The task:
Leave out every picture and set down, exactly, the lines below from the one holding "Bioburghof碧欧宝 槲皮素胶囊肺立清清肺护肺结节肺动力 德国进口" up to and including the one holding "Et charleston hårbånd".

Dataset entries:
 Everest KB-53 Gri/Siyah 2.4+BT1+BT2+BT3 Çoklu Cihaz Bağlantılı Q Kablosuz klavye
...
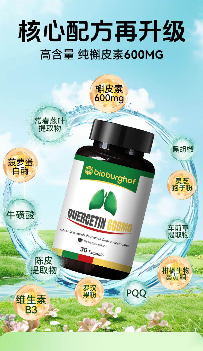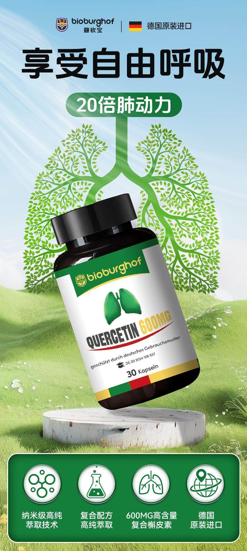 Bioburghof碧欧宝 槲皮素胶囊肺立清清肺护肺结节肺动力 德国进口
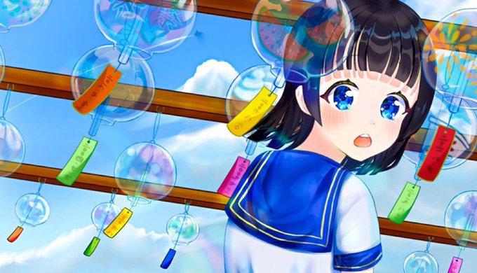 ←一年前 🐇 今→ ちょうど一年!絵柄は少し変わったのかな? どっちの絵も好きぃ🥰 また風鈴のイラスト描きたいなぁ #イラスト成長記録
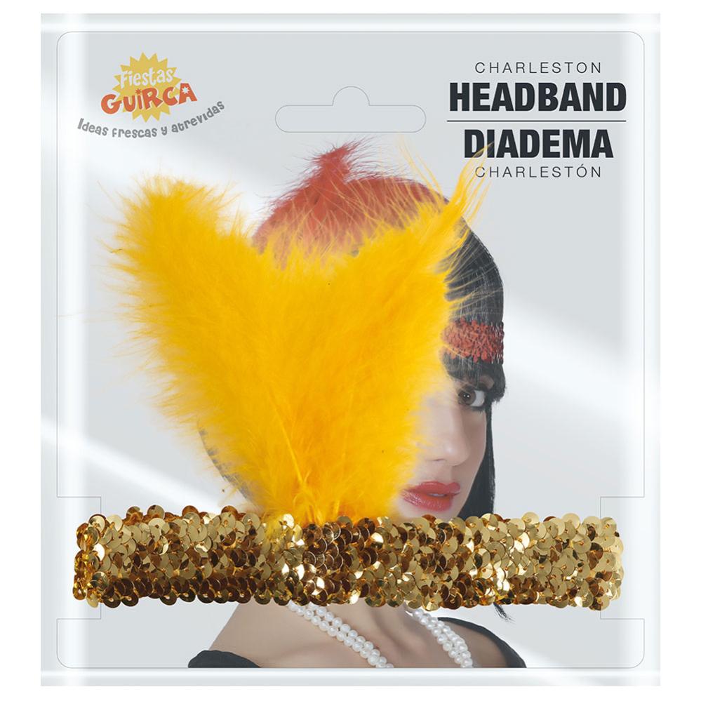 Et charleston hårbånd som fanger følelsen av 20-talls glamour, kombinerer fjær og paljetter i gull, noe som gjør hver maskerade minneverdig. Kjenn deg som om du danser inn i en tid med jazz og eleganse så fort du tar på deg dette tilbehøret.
==
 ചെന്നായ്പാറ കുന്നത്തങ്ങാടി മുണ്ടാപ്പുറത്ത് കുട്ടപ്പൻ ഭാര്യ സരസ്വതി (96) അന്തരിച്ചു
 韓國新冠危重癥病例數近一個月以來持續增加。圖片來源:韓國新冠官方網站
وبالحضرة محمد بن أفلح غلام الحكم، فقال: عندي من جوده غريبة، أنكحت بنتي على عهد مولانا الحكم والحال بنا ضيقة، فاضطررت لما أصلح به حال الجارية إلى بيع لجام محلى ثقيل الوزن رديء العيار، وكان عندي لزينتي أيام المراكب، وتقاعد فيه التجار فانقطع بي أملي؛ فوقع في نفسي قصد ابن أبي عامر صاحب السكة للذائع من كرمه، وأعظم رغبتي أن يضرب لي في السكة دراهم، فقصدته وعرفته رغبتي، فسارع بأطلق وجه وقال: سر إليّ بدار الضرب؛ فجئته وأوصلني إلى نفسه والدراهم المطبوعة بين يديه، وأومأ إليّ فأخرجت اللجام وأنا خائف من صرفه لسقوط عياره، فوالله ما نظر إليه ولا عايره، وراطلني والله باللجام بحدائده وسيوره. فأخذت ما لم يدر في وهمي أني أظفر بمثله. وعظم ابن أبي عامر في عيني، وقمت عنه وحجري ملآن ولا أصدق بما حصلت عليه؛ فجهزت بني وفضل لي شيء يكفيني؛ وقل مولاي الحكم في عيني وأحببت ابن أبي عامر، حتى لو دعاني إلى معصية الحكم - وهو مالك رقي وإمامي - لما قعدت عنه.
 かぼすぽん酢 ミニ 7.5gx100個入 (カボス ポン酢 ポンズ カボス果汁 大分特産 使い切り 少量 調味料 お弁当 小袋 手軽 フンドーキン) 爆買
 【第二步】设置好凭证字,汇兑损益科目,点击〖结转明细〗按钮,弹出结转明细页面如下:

Finished exercise:
 Bioburghof碧欧宝 槲皮素胶囊肺立清清肺护肺结节肺动力 德国进口
 ←一年前 🐇 今→ ちょうど一年!絵柄は少し変わったのかな? どっちの絵も好きぃ🥰 また風鈴のイラスト描きたいなぁ #イラスト成長記録
 Et charleston hårbånd som fanger følelsen av 20-talls glamour, kombinerer fjær og paljetter i gull, noe som gjør hver maskerade minneverdig. Kjenn deg som om du danser inn i en tid med jazz og eleganse så fort du tar på deg dette tilbehøret.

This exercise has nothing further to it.